Understanding The Stock Market Cycle

The winning investor should understand how a normal business cycle unfolds and the duration of these periods, paying particular attention to recent cycles. There is no foolproof guarantee that stock market cycles will last three or four years because it happened that way in the past.

The stock market ordinarily bottoms out while business is still on a downtrend, anticipating economic events months in advance. Analysts refer to this phenomenon as "discounting of the future." In like manner, bull markets frequently top out and turn down before economic recession begins.

Therefore, using economic indicators to tell you when to buy or sell the stock market is generally an exceedingly poor procedure. Yet some firms have people trying to do this very thing. It's a somewhat ridiculous approach, but it does seem to make those who don't understand the stock market very well feel better.

Ironically, economists also have a rather faulty record of predicting the economy. A few of our U.S. presidents, themselves lacking sufficient understanding of the American economy, have had to learn this lesson the slow, hard way. Around the beginning of 1983, just as the economy was in its first few months of recovery, the head of President Reagan's Council of Economic Advisors was a little concerned because the capital goods sector was not very strong. This was the first possible hint that this particular advisor might not be as thoroughly sound as he should be, because capital goods demand is never good at the early stage of economic recovery, and particularly so in the first quarter of 1983, when American plants were operating at a low percentage of capacity.

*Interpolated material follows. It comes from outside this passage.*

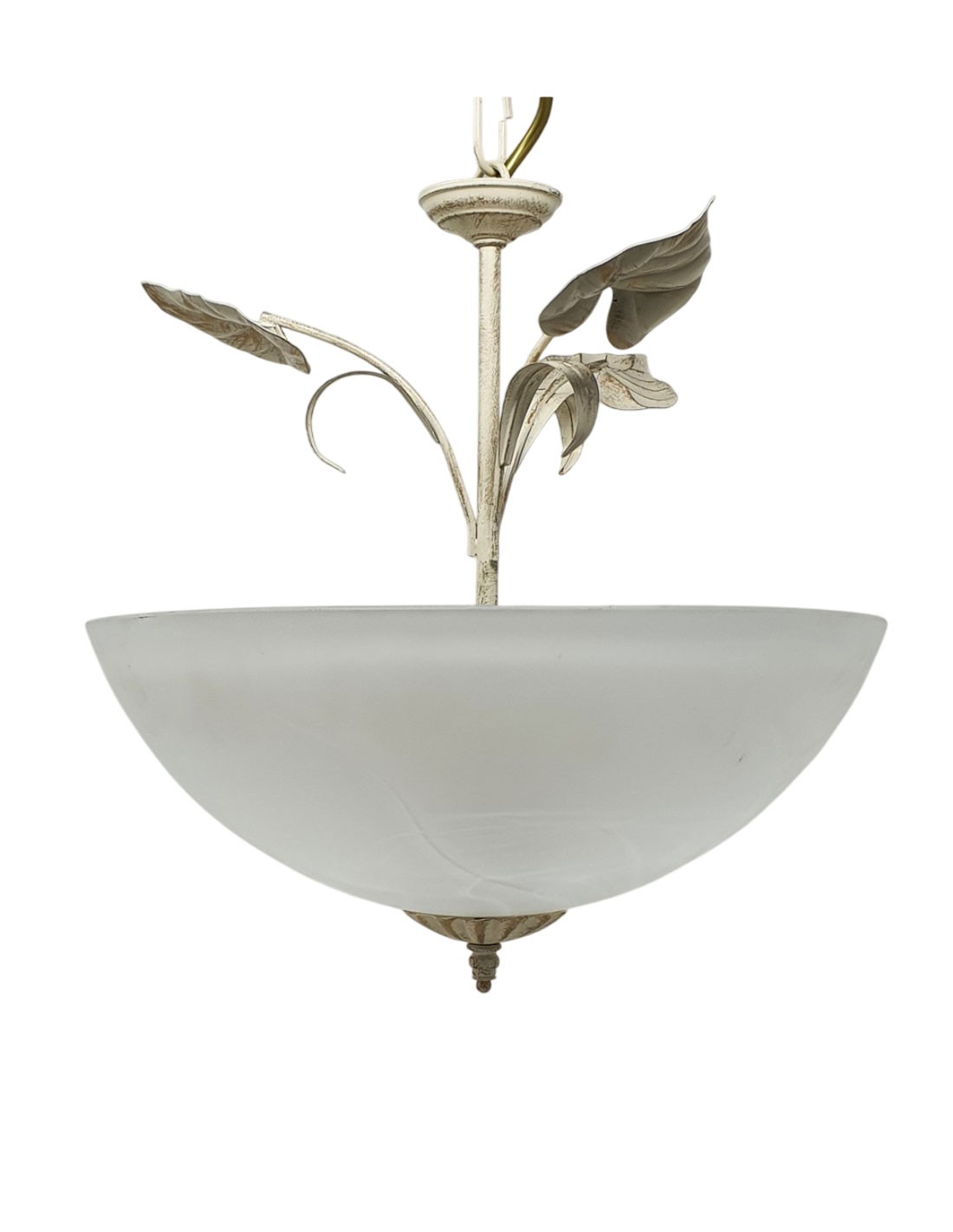 Lámpara de techo de 3 luces, fabricado en forja decorada crema oro y cristal blanco marmolizado. Altura ajustable.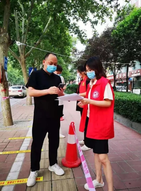 “您好!请您配合我们测量体温,并扫码登记”;“请您准备好身份证”;“我来帮您登记信息”;“请大家保持好距离、注意防护。”身着红马甲的张馨予同学“疫”无反顾,在炎炎烈日下,认真尽责地协助值守人员对来往行人、车辆逐一进行测量体温、查验健康码和行程码、身份证扫描、秩序维护等,并积极做好疫情防控政策措施和防护知识宣传,成为社区疫情防控一线的一名服务骨干。

You should check earlier cycles to learn the sequence of industry group moves at various stages of the market. For example, railroad equipment, machinery, and other capital goods industries are late movers in a business or stock market cycle. This knowledge can help you determine what stage of the current market period you are in. When these groups start running up, you know you're near the tail end.

Almost always, the really big money is made in the first one or two years of a normal new bull market's upward movement. This, then, is the point in time you must recognize as soon as possible and fully capitalize upon while the golden opportunity is there.

The remainder of the up cycle usually consists of back and forth movement in the market averages, followed by a bear market. The year 1965 was one of the few exceptions, but this strong market in the third year of a new cycle was caused by the advent of the Vietnam war.